Jean pensait avoir posé une question simple et il se serait contenté d’une réponse par « oui » ou « non ». Et voilà qu’il se voit gratifié d’un discours fleuve qui contient une bonne dizaine de messages différents et presque autant de prénoms ! Frustré et débordé, il éprouve soudain une violente envie de sortir arroser la pelouse.

Le cerveau de l’homme est programmé pour traiter une seule tâche à la fois. Un homme ne peut se concentrer que sur une action. D’ailleurs, quand un homme déplie une carte routière, il éteint la radio. Si sa compagne lui parle au moment où il s’engage sur un rond-point, il risque fort de rater la sortie et de le lui reprocher.

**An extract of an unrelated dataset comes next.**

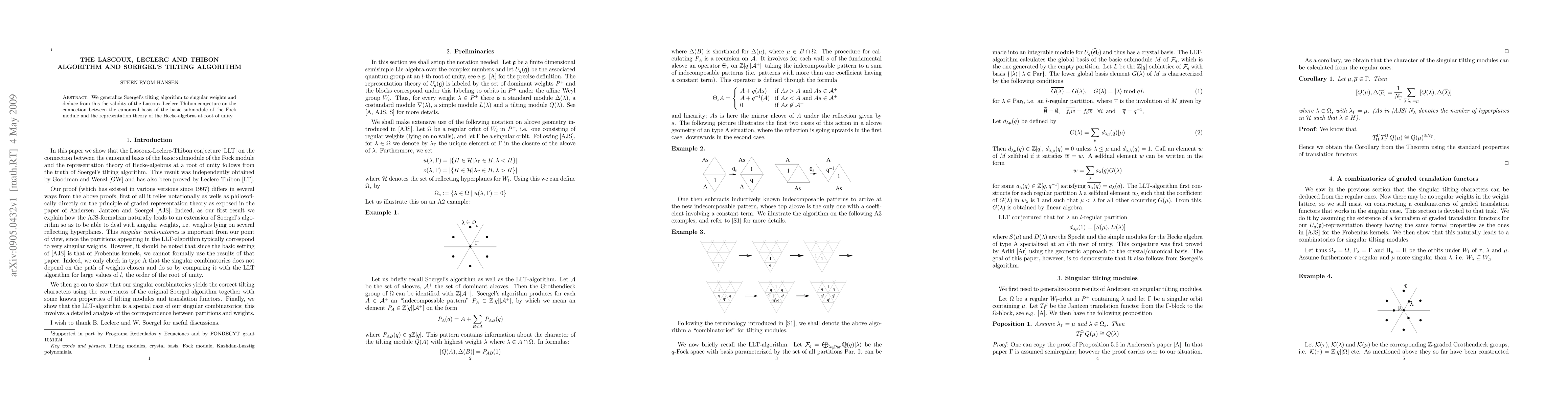 This paper generalizes Soergel's tilting algorithm to accommodate singular weights, thereby confirming the Lascoux-Leclerc-Thibon conjecture linking the canonical basis of the Fock module's basic submodule to the representation theory of Hecke algebras at root of unity.

Pour certains, il est même difficile de marcher tout en mâchant du chewing-gum...

L’un des grands problèmes des hommes, c’est de gérer un harcèlement tous azimuts. Débordés, ils réagissent presque toujours en déconnectant. L’asticoteuse a alors tendance à augmenter le volume et à marteler ses reproches avec une véhémence accrue. Elle a beau exiger qu’il l’écoute, son compagnon va se replier de plus en plus sur lui-même, quitte à fuir purement et simplement s’il ne voit pas d’autre issue. Mais elle ne rend pas pour autant les armes. Se sentant acculé, l’homme risque alors de riposter avec agressivité et la discussion de dégénérer en dispute.